• [Given material]:
○ ○ ○ ○

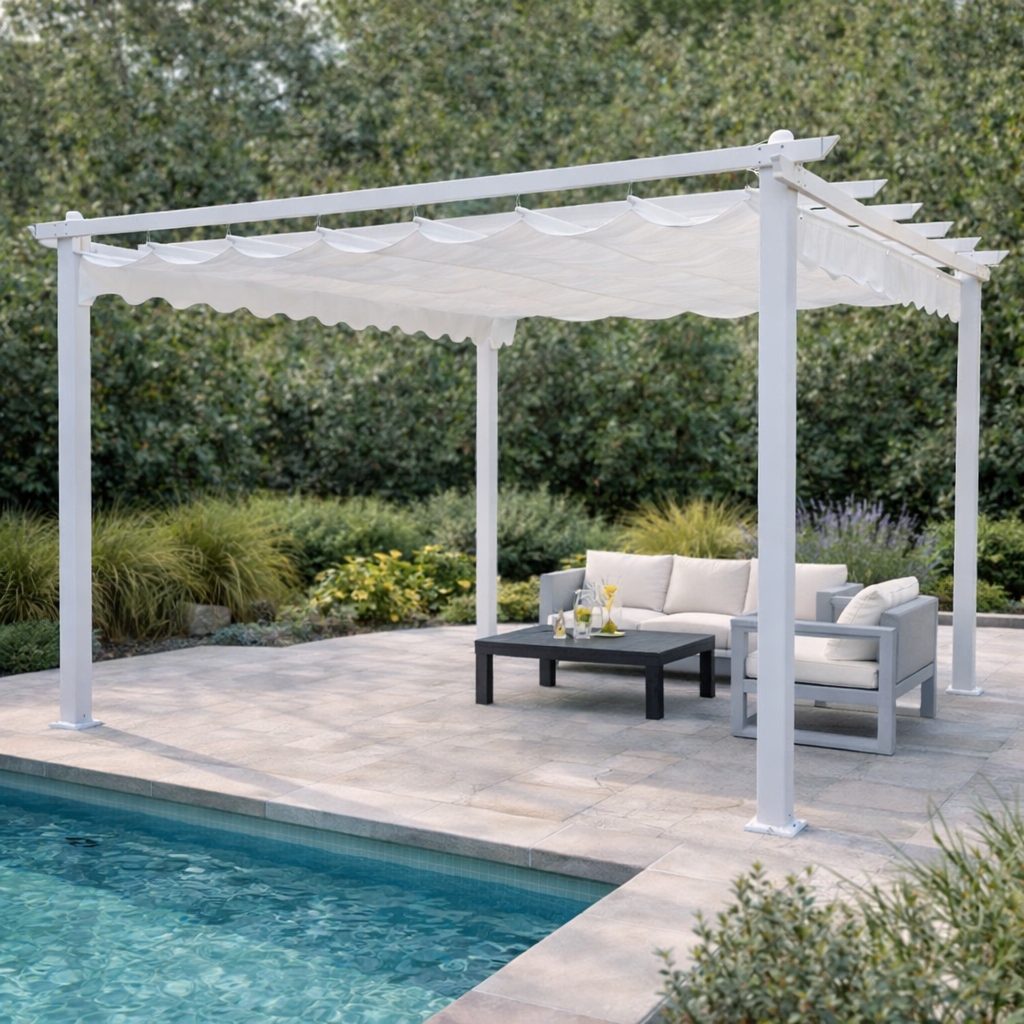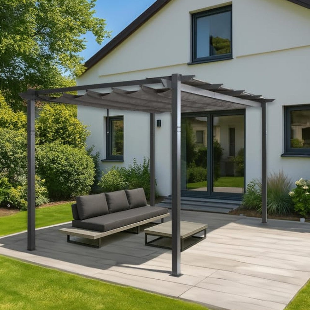 Gazebo pergola da esterno 3x3 mt in alluminio con telo apribile a carrucola
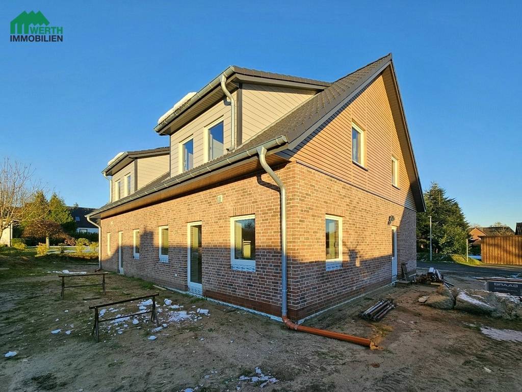 Die Baufertigstellung wird im Frühjahr 2026 erwartet. Praktisch: Die Doppelhaushälfte hat Ausgänge an drei Hausseiten.
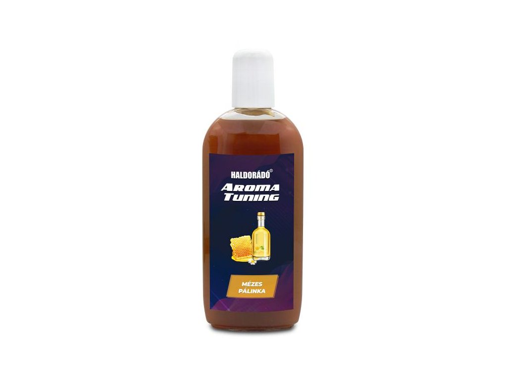 Haldorádó Aroma Tuning Mézes Pálinka sötétbarna színű, sűrű, méz és barackpálinka keverékével ízesített aroma. Ez az az ízvilág, amelyet az eddigi vásárlói visszajelzések alapján a Haldorádó pelletekből és kukoricákból a legszívesebben vásároltak a horgászok. Az emberi orr számára is finomnak, kellemesnek tűnik, de jobban beleszagolva érződik csak ki, hogy mennyire tömény. A különleges aroma a Haldorádó Red Tuning pelletek közül szintén a Mézes Pálinka, valamint az azonos nevű üveges kukoricával harmonizáló ízvilágú.

○ ○ ○ ○

• [Your goal]: Exclude the pictures from the copy. Retype exactly the lines running from the one containing "Die Baufertigstellung wird" through the last line of the listing.

• [Answer area]:
 Die Baufertigstellung wird im Frühjahr 2026 erwartet. Praktisch: Die Doppelhaushälfte hat Ausgänge an drei Hausseiten.
 Haldorádó Aroma Tuning Mézes Pálinka sötétbarna színű, sűrű, méz és barackpálinka keverékével ízesített aroma. Ez az az ízvilág, amelyet az eddigi vásárlói visszajelzések alapján a Haldorádó pelletekből és kukoricákból a legszívesebben vásároltak a horgászok. Az emberi orr számára is finomnak, kellemesnek tűnik, de jobban beleszagolva érződik csak ki, hogy mennyire tömény. A különleges aroma a Haldorádó Red Tuning pelletek közül szintén a Mézes Pálinka, valamint az azonos nevű üveges kukoricával harmonizáló ízvilágú.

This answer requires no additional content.